The regular season marks the culmination of an extensive investigation into who your team will be that year. By this point, you’ve gone through free agency, the draft, training camp, and the preseason. You feel good in your decisions insofar as you can create clarity without having played meaningful games. But there are still plenty of uncertainties that remain, whether at the start of the regular season or the end, and new ones continually develop over time.
That is what I will look to address in our Buy or Sell series. In each installment, I will introduce a topic statement and weigh some of the arguments for either buying it (meaning that you agree with it or expect it to be true) or selling it (meaning you disagree with it or expect it to be false).
The range of topics will be intentionally wide, from the general to the specific, from the immediate to that in the far future. And as we all tend to have an opinion on just about everything, I invite you to share your own each morning on the topic statement of the day.
Topic Statement: Chase Claypool will have a big game with the Baltimore Ravens shadowing Marlon Humphrey on Diontae Johnson.
Explanation: With Marcus Peters on the Reserve/Injured List, the Ravens have been using Marlon Humphrey to shadow their opponent’s best wide receiver. That would be Diontae Johnson, and Ben Roethlisberger confirmed that’s what they are planning for the Ravens to do. That would leave Chase Claypool on the likes of Anthony Averett, Jimmy Smith, Tavon Young, and Chris Westry.
Any matchup that isn’t against Marlon Humphrey is a matchup that is to Claypool’s and the Steelers’ advantage. The Steelers are not going to be able to run the ball, and the Ravens will be stacking the box. Roethlisberger has shown an unwillingness to run out of RPOs against a stacked box, so expect to see plenty of pass attempts.

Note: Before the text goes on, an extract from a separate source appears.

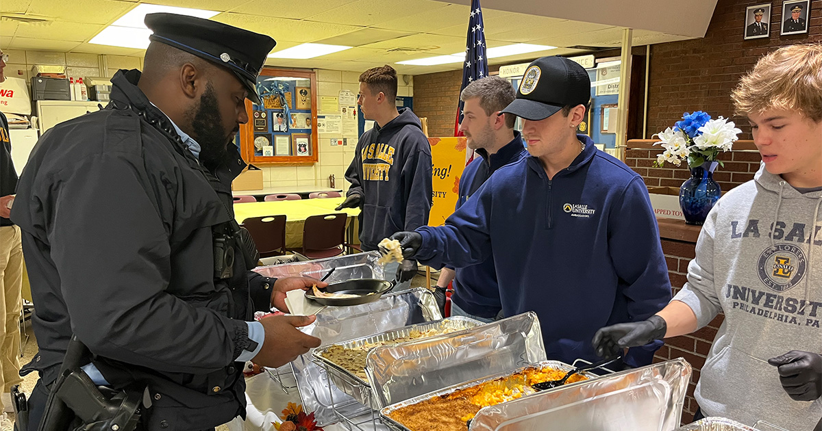 La Salle University continued its annual holiday tradition of students and staff providing Thanksgiving meals to the first responders who serve the campus and the neighboring community.

And he’s targeted Claypool plenty over the past two weeks, and he’s put up numbers—over 80 yards in each game, with a couple of big plays. I expect him to have at least one 30-plus-yard reception during the game, an area in which the Ravens have been awful. They have allowed a league-high 51 receptions of 20 or more yards, and a league-high 12 of 40 or more yards.
For starters, Claypool has to finish the catches in order to make them. Unless they’re using him in the slot—which they’re not, at least not nearly enough—he doesn’t get the sort of separation that lends itself to layup explosive plays. A lot of the ones he does make end up looking spectacular because they have to be.
And yeah, the Ravens defense has given up a lot of big plays this year, but they also know how to play support defense in zones, and they’ve been adjusting and improving. They’ve had some injuries they’ve had to adapt to. The pass rush is picking up. Roethlisberger isn’t going to have time to throw with Patrick Queen screaming through the A gap and B.J. Finney flailing on the ground.